> _BRIEF_
Copy, exactly as written, the lines that begin at the one containing "Figure 1. Map" and end at the one containing "Picture 1. The". Skip any pictures in the data below.

─── RECORDS SUPPLIED ───

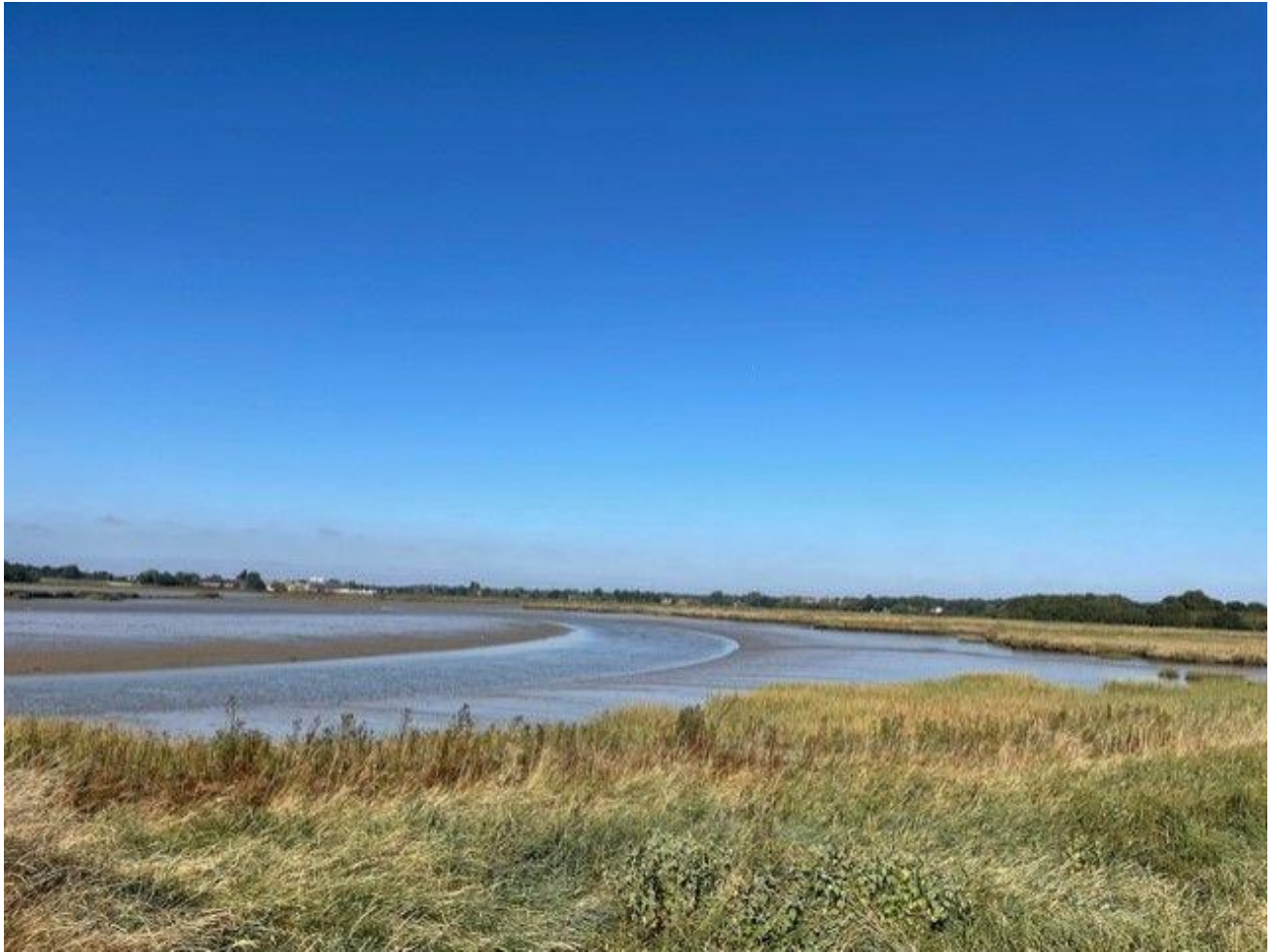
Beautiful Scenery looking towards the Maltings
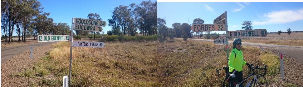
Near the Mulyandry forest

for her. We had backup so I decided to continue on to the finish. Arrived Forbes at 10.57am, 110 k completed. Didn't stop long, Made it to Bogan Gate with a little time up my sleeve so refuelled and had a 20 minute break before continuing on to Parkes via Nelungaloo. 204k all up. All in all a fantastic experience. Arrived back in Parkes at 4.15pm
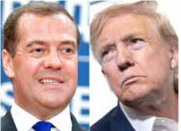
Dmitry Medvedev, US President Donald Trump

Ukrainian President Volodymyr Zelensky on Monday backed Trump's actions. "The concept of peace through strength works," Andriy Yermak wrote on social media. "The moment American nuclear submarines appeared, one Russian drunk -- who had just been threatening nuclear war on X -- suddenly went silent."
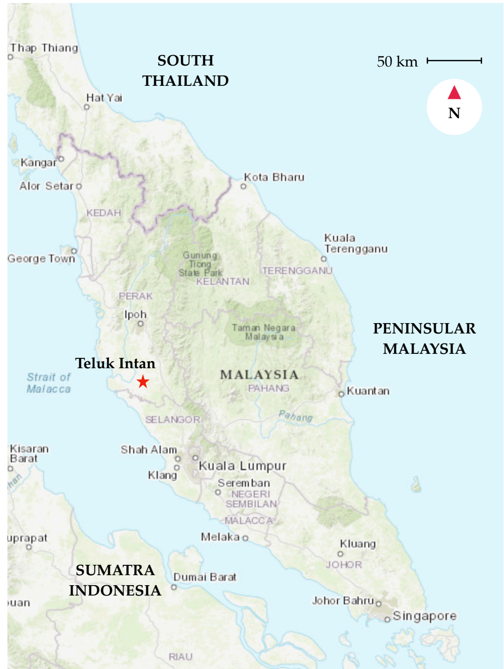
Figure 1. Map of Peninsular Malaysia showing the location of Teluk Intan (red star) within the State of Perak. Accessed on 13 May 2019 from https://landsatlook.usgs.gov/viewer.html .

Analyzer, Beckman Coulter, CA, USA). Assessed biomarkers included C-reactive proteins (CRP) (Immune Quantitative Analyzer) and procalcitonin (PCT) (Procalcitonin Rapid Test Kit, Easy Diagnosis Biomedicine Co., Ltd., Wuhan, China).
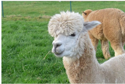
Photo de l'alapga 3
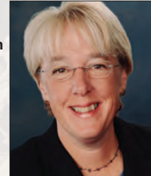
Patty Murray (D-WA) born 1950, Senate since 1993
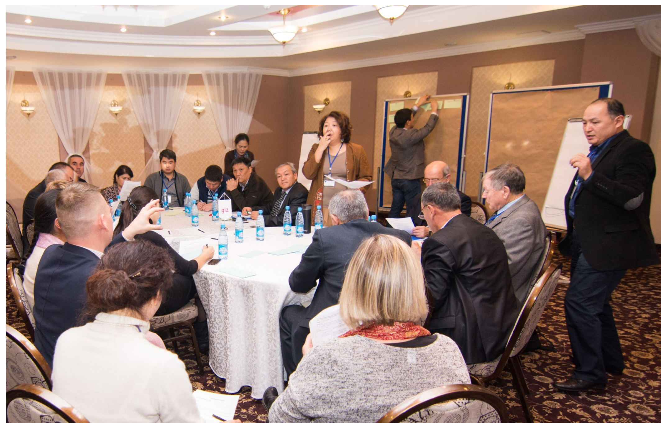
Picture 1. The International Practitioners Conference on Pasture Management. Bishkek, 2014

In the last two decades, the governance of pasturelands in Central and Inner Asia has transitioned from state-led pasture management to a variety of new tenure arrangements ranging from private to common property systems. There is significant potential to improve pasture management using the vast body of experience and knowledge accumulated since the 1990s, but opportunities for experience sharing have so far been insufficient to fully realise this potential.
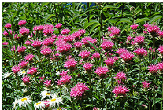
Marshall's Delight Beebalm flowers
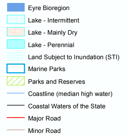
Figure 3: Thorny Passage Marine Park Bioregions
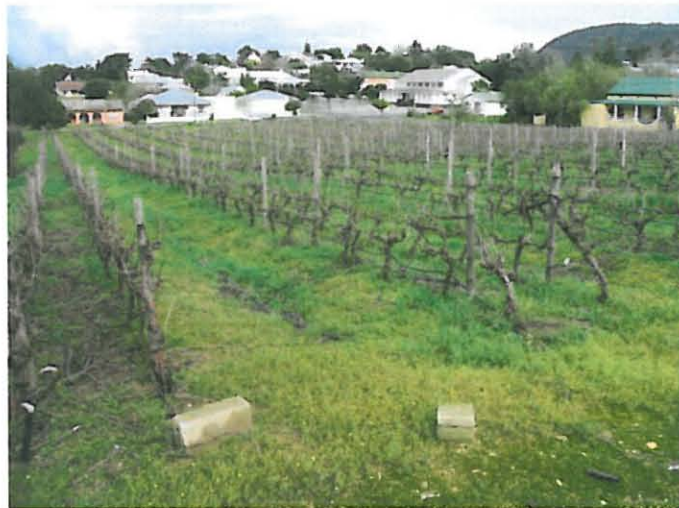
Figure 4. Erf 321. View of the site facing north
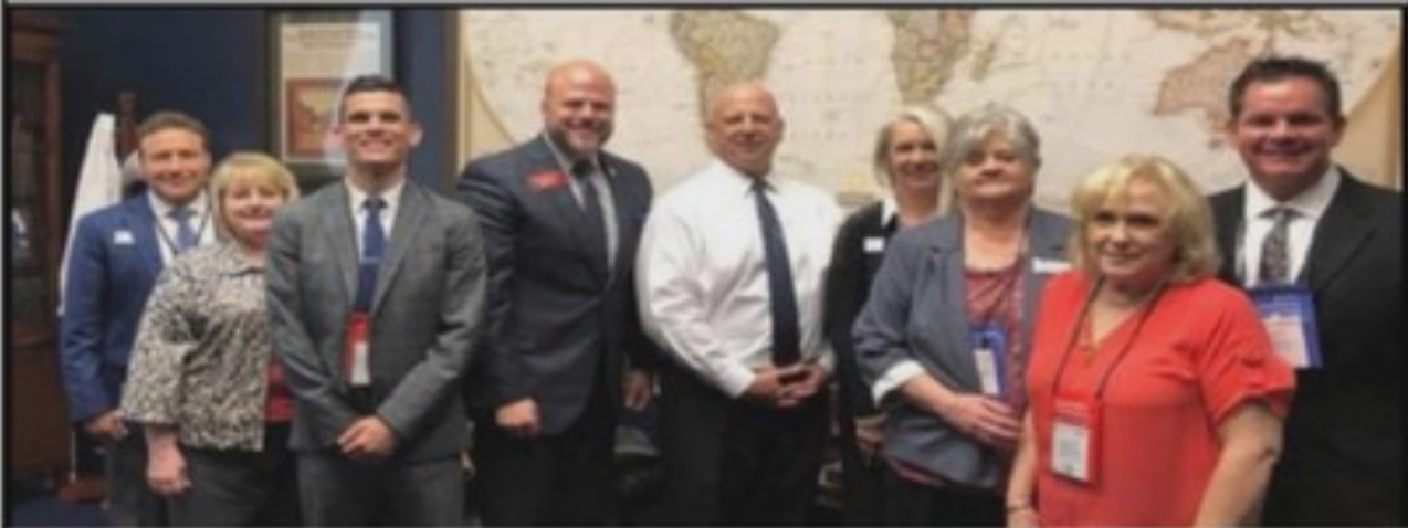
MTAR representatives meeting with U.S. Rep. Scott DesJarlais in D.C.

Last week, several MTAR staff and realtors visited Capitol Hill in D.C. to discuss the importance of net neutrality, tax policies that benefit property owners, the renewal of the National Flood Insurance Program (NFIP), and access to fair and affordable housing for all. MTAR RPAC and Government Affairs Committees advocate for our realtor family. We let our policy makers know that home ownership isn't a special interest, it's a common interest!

───
─── RECORDS SUPPLIED ───

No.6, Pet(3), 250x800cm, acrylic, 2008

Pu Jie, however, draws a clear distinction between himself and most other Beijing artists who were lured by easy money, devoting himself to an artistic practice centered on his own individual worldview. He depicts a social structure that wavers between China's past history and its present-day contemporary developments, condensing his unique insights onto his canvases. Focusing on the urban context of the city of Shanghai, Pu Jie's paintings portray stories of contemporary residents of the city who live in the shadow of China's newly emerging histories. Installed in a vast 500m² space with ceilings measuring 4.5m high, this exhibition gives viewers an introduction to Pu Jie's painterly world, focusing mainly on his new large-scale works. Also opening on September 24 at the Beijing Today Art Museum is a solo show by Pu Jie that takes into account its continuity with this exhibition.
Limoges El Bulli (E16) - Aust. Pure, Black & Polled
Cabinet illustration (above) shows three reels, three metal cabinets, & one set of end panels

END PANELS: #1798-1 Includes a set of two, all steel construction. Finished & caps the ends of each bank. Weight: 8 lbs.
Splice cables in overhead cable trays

───

> _RESPONSE_
Figure 1. Map of Peninsular Malaysia showing the location of Teluk Intan (red star) within the State of Perak. Accessed on 13 May 2019 from https://landsatlook.usgs.gov/viewer.html .

Analyzer, Beckman Coulter, CA, USA). Assessed biomarkers included C-reactive proteins (CRP) (Immune Quantitative Analyzer) and procalcitonin (PCT) (Procalcitonin Rapid Test Kit, Easy Diagnosis Biomedicine Co., Ltd., Wuhan, China).
Photo de l'alapga 3
Patty Murray (D-WA) born 1950, Senate since 1993
Picture 1. The International Practitioners Conference on Pasture Management. Bishkek, 2014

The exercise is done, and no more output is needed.